:: Exercise data

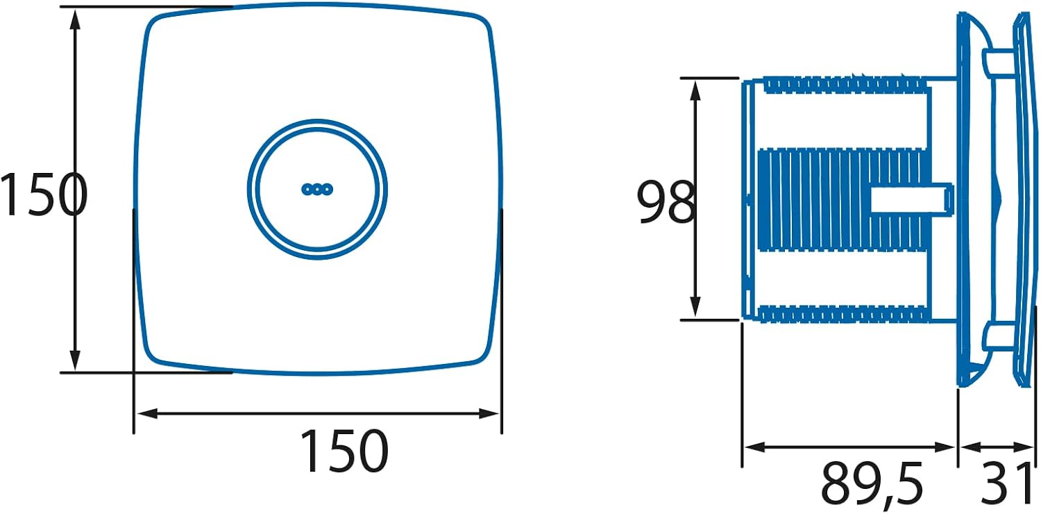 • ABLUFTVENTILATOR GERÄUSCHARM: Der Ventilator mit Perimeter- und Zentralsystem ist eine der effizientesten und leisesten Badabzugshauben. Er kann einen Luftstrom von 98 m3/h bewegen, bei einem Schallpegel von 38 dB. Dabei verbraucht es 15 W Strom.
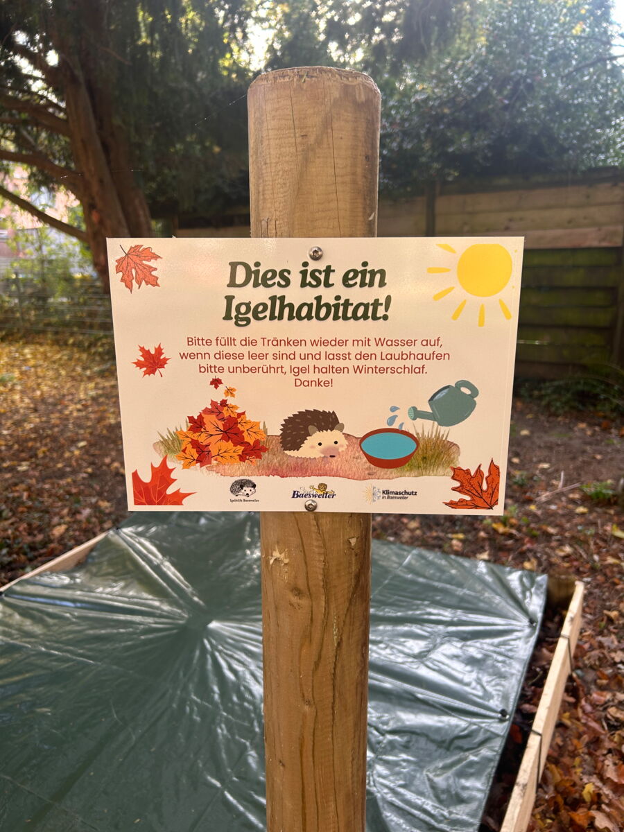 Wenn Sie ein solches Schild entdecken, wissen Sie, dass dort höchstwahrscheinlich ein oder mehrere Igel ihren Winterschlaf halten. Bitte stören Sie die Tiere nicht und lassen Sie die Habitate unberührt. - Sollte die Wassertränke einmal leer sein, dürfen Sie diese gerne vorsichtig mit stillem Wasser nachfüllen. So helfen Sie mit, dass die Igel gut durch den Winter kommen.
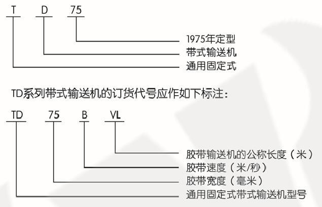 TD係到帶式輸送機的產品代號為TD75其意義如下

::::
:: Exercise data

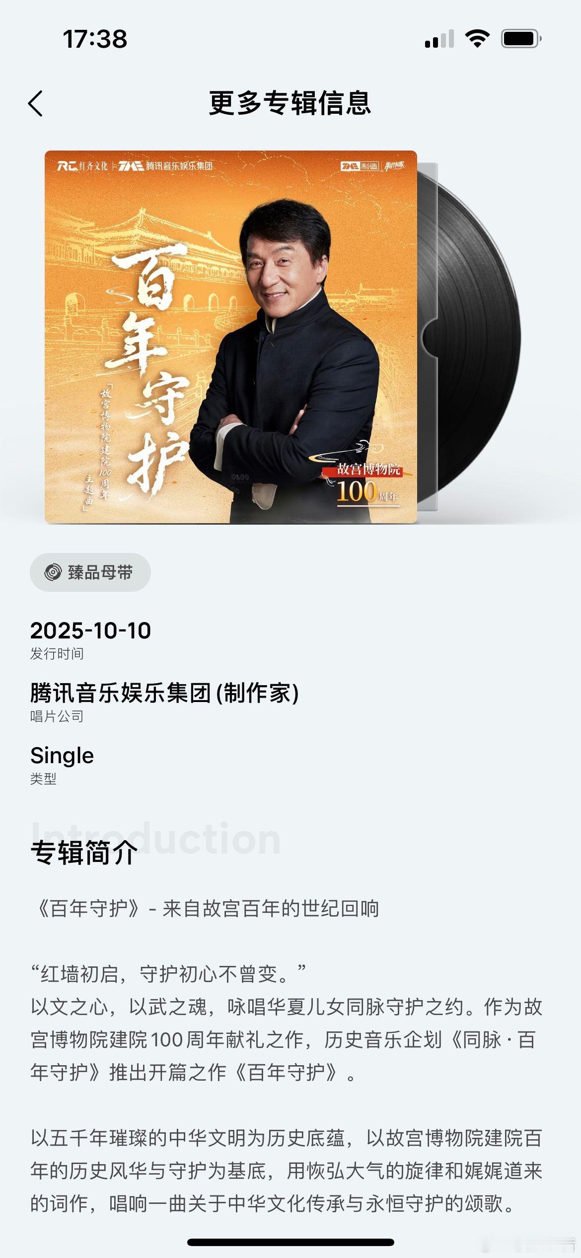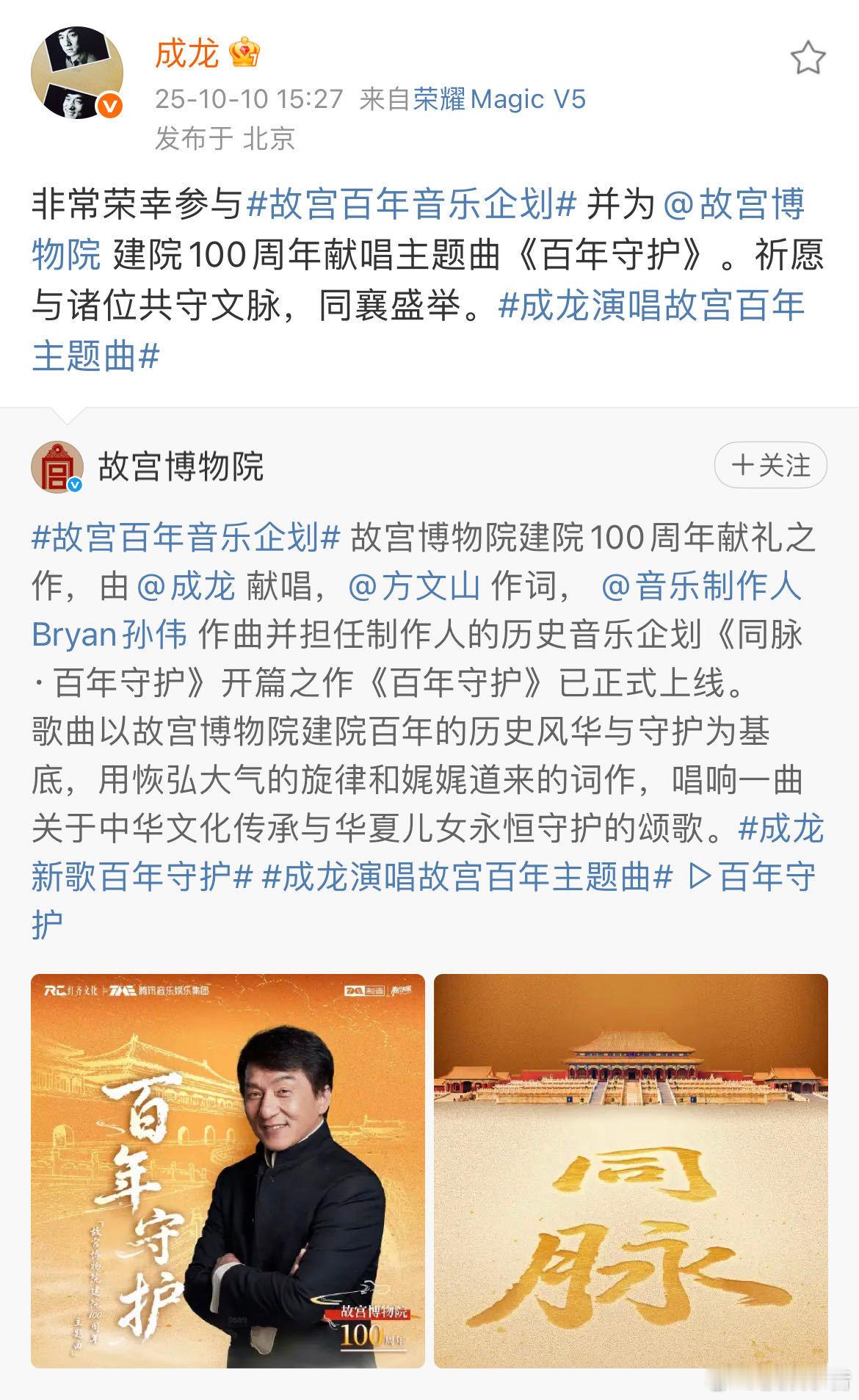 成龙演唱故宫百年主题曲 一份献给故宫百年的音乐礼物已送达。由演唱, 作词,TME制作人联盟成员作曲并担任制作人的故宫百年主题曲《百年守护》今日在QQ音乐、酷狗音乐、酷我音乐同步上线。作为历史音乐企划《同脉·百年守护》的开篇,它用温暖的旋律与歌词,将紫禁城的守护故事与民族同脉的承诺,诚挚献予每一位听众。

::::

_Assignment_: Although the records hold pictures, the copy must not; give again exactly the lines from the one with "15 W Strom." through the one with "TD係到帶式輸送機的產品代號為TD75其意義如下".

_Exercise output_:
 • ABLUFTVENTILATOR GERÄUSCHARM: Der Ventilator mit Perimeter- und Zentralsystem ist eine der effizientesten und leisesten Badabzugshauben. Er kann einen Luftstrom von 98 m3/h bewegen, bei einem Schallpegel von 38 dB. Dabei verbraucht es 15 W Strom.
 Wenn Sie ein solches Schild entdecken, wissen Sie, dass dort höchstwahrscheinlich ein oder mehrere Igel ihren Winterschlaf halten. Bitte stören Sie die Tiere nicht und lassen Sie die Habitate unberührt. - Sollte die Wassertränke einmal leer sein, dürfen Sie diese gerne vorsichtig mit stillem Wasser nachfüllen. So helfen Sie mit, dass die Igel gut durch den Winter kommen.
 TD係到帶式輸送機的產品代號為TD75其意義如下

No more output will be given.